Filed Pursuant to Rule 424(b)(3)
Registration No. 333-268021
PROSPECTUS
5,800,019 Shares of Common Stock
This prospectus relates to the offer and resale from time to time of up to 5,800,019 shares (the Shares) of common
stock, par value $0.0001 per share, of Aadi Bioscience, Inc., a Delaware corporation (the Company), by the selling stockholders identified in this prospectus, including their transferees, pledgees or donees or their respective
successors (the selling stockholders), which consist of 3,373,526 outstanding shares of our common stock held by the selling stockholders and 2,426,493 shares of our common stock issuable upon the exercise of outstanding pre-funded warrants to purchase shares of our common stock. The Shares were issued and sold to the selling stockholders in a private placement (the Private Placement) pursuant to a
securities purchase agreement among us and such selling stockholders dated September 22, 2022 (the Purchase Agreement). Concurrently with the Purchase Agreement, we entered into a registration rights agreement (the
Registration Rights Agreement) with the selling stockholders, and we are registering the Shares being offered hereunder pursuant to such registration rights agreement on behalf of the selling stockholders, to be offered and sold
by them from time to time. We will not receive any proceeds from the sale of the Shares offered by this prospectus.
We have agreed,
pursuant to the registration rights agreement, to bear all of the expenses incurred in connection with the registration of the Shares. The selling stockholders will pay or assume discounts, commissions, fees of underwriters, selling brokers or
dealer managers and similar expenses, if any, incurred for the sale of the Shares.
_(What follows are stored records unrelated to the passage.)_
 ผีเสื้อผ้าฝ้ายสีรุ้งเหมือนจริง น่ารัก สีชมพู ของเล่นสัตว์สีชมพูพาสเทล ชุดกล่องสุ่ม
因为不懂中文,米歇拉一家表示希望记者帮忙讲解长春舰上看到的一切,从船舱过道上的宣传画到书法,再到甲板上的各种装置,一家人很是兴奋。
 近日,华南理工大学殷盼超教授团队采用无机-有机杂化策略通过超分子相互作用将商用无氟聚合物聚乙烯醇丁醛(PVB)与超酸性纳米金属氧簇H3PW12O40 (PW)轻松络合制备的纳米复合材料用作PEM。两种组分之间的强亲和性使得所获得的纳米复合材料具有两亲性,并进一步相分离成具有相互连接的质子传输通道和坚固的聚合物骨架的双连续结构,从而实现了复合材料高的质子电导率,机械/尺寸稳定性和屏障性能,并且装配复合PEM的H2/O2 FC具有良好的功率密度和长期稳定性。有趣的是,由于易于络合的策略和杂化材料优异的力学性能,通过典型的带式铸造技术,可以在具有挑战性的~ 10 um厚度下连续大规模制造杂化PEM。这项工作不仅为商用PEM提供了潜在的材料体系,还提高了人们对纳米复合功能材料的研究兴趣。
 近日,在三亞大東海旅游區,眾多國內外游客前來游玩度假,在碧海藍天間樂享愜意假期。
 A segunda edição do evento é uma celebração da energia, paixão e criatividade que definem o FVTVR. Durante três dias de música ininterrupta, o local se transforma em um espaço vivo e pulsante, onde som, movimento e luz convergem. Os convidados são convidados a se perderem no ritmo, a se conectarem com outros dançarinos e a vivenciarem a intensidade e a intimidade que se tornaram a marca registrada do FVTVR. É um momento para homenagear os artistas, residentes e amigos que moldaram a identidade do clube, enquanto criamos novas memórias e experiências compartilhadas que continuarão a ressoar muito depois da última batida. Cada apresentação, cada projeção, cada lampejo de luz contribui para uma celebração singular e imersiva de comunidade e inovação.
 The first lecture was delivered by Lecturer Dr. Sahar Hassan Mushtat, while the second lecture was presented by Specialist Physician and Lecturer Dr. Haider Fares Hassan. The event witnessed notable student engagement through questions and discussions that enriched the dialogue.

The selling stockholders identified in this prospectus
may offer the Shares pursuant to this prospectus from time to time through public or private transactions at fixed prices, at market prices prevailing at the time of sale, at prices related to prevailing market prices or at privately negotiated
prices. The selling stockholders may sell shares to or through underwriters, broker-dealers or agents, who may receive compensation in the form of discounts, concessions or commissions from the selling stockholders, the purchasers of the shares, or
both. For additional information on the methods of sale that may be used by the selling stockholders, see the section entitled Plan of Distribution on page 13. For a list of the selling stockholders, see the section entitled
Selling Stockholders on page 9.
We may amend or supplement this prospectus from time to time by filing amendments or
supplements as required. You should carefully read this prospectus and any amendments or supplements accompanying this prospectus, together with any documents incorporated by reference herein or therein, before you make your investment decision.
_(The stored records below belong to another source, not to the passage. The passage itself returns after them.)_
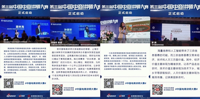 9月26日上午,第三届中国电商讲师大赛启动仪式在京隆重举行,吸引了包括CCTV-7、人民网、央视网、新浪网、腾讯视频、爱奇艺等主流媒体、网络媒体争相报道。启动仪式上,中国国际电子商务中心与新浪微博签署了战略合作协议,双方将共同推广中国电商讲师大赛,并共同发起“新农人成长计划”。CCTV-7农业节目《每日农经》栏目制片人周祚、微博政务运营总经理李峥嵘、字节跳动扶贫总监罗骅在启动仪式进行了主题发言,将全力支持大赛的宣传推广。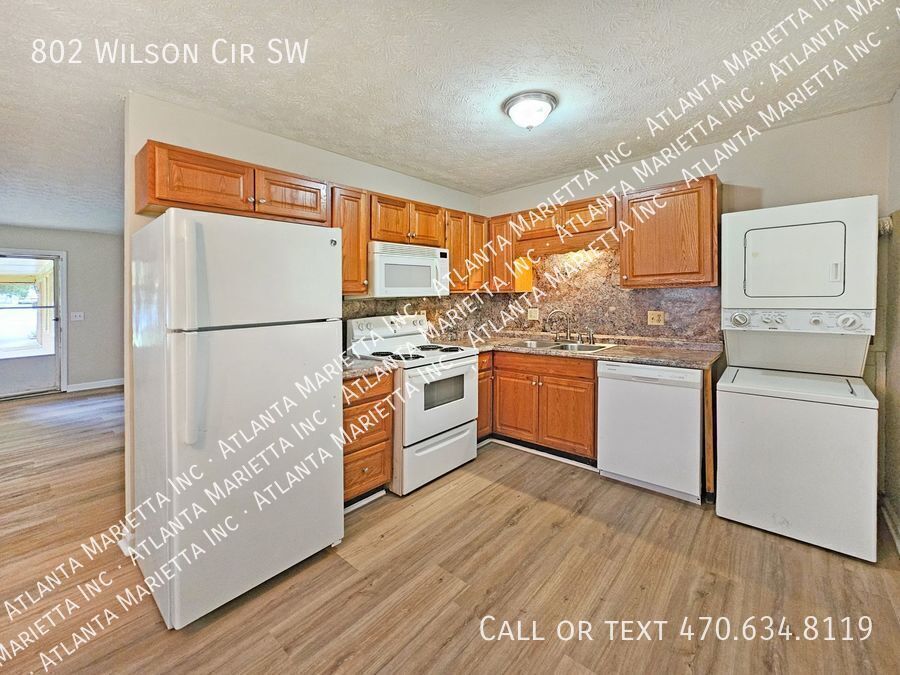 Housing Vouchers Accepted. Beautifully updated two-bedroom, two-bathroom flat in a duplex building near Marietta High School, located in the heart of Marietta. This home is set on a private, level lot, close to shopping, entertainment, and Marietta Square, with convenient access to the 120 Loop, Dobbins, Kennesaw State College (Marietta and Kennesaw campuses), and I-75. The home features a private entry with a covered porch that opens into a spacious living room. Adjacent to the living room is a dining area with seating for eight, connected to the updated kitchen. The kitchen boasts maple cabinets, ample laminate counter space, a stackable washer-dryer, refrigerator, dishwasher, and range. Down the hall, you'll find two large bedrooms and two full baths. Each bedroom is equipped with large windows, blinds, making it ideal for roommates. Additional storage is available in the outdoor shed, and the property's level lot offers privacy. We are seeking long term tenants. No pets. Housing vouchers accepted. Appliances White Bedroom On Main Laminate Counters Luxury Laminate Floors Master On Main Paint Neutral Student Friendly Washer/Dryer Window Blinds
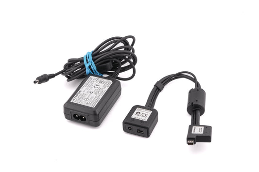 Power coupler made by Olympus. It allows Olympus digital cameras to be powered by an AC adapter through the USB port. It is used together with the Olympus E-7AU or D7AC AC Adapter to power the camera. It also has a USB data thru-put connection. Plastic body available in black.
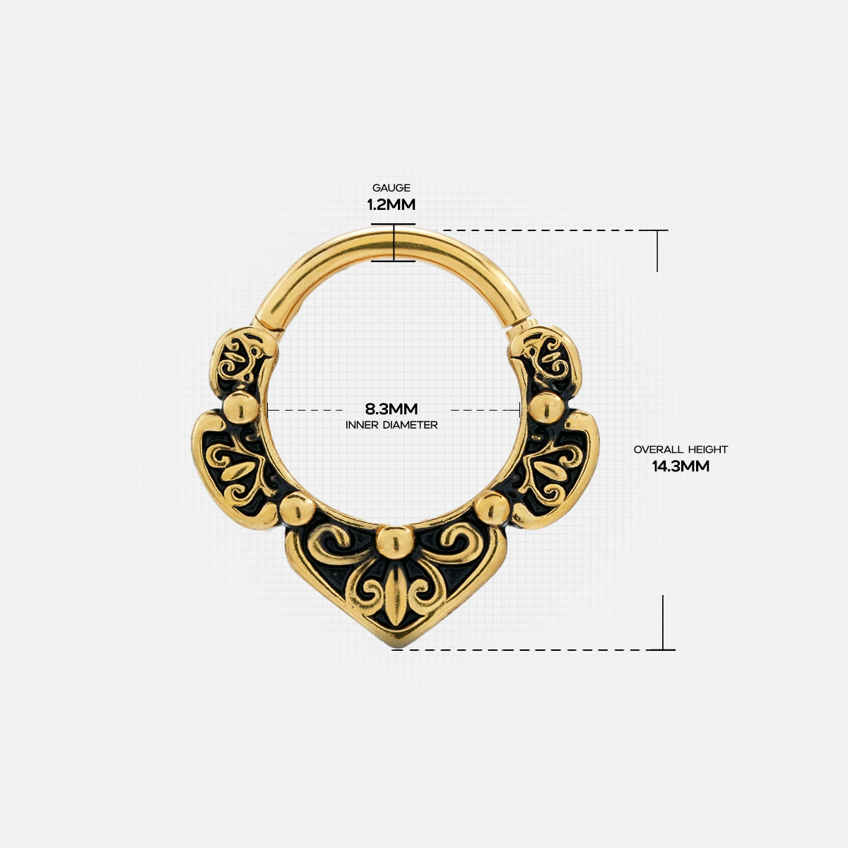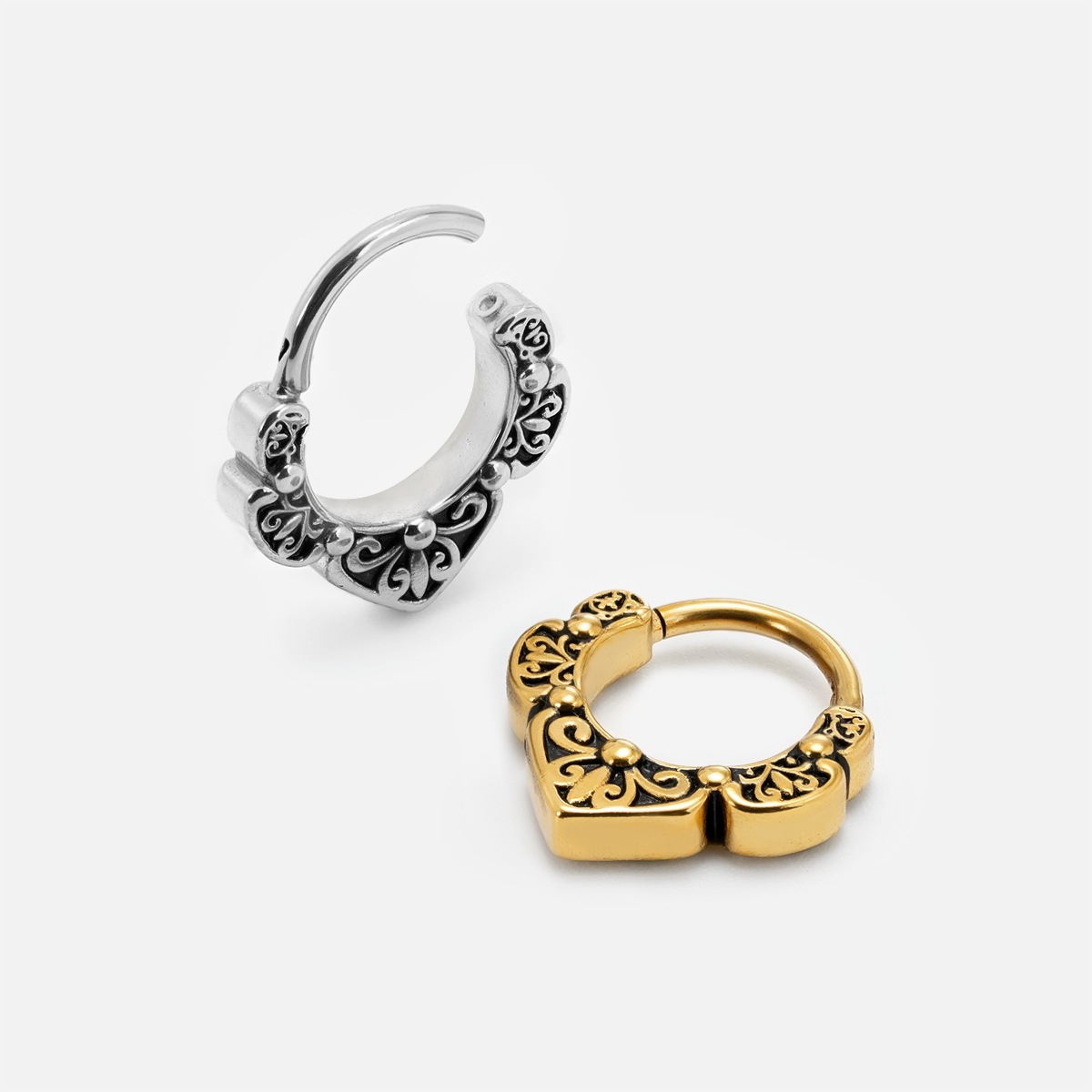 Victorian Bloom Septum Clicker features a sculpted hoop with intricate floral motifs inspired by antique ornamental metalwork, available in gold or silver finish. This item is sold individually.

The selling stockholders may sell any, all or none of the securities offered by this prospectus and we do not know when or in what amount
the selling stockholders may sell their common shares hereunder following the effective date of the registration statement of which this prospectus forms a part.
We are a smaller reporting company as defined in Rule 12b-2 promulgated under the Securities Exchange
Act of 1934, as amended (the Exchange Act). As such, we have elected to rely on certain reduced public company disclosure requirements. We are an emerging growth company, as defined under the federal securities laws,
and, as such, may elect to comply with certain reduced public company reporting requirements for future filings. See Implications of Being a Smaller Reporting Company and an Emerging Growth Company.
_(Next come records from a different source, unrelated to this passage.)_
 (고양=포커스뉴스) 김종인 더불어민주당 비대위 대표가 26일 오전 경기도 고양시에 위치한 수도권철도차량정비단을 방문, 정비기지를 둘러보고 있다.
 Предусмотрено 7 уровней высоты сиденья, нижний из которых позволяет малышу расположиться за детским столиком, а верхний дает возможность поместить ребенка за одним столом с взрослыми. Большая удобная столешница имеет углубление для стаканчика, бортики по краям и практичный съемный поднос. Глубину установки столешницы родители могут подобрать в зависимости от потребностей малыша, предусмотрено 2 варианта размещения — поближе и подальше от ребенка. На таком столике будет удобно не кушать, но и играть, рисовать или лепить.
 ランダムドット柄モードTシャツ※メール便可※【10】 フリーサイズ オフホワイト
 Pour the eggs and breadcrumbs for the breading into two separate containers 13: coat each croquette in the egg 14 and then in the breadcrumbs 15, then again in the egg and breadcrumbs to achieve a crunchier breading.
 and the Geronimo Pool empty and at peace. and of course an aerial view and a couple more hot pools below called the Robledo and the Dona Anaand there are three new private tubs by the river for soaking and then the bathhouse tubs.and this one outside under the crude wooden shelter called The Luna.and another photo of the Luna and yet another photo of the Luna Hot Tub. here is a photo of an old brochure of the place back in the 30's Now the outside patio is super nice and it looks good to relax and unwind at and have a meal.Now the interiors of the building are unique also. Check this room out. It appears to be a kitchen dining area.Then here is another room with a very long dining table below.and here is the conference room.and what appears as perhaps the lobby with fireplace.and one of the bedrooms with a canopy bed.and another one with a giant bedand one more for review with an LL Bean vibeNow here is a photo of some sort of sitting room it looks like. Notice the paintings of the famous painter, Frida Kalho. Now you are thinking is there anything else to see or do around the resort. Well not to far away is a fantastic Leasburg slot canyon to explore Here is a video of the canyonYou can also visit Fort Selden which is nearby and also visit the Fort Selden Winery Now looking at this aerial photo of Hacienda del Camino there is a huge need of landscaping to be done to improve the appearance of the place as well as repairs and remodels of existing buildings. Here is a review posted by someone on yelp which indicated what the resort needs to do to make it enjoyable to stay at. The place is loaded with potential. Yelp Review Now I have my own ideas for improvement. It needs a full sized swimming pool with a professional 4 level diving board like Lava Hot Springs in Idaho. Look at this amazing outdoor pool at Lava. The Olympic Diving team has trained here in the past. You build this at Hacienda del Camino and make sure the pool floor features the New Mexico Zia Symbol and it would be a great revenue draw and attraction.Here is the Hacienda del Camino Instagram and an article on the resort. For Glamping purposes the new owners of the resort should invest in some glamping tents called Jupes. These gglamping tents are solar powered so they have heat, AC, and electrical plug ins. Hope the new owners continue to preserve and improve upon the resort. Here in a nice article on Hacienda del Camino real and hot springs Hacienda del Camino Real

Our common stock is listed on The Nasdaq Capital Market under the symbol AADI. On November 3, 2022, the last reported sale price of
our common stock was $12.51 per share.
Investing in our securities involves a high degree of risk. See Risk Factors
on page 5 of this prospectus and in the documents incorporated by reference in this prospectus, as updated in the applicable prospectus supplement, and other future filings we make with the Securities and Exchange Commission that are
incorporated by reference into this prospectus, for a discussion of the factors you should consider carefully before deciding to purchase our securities.
Neither the Securities and Exchange Commission nor any state securities commission has approved or disapproved of these securities or
determined if this prospectus is truthful or complete. Any representation to the contrary is a criminal offense.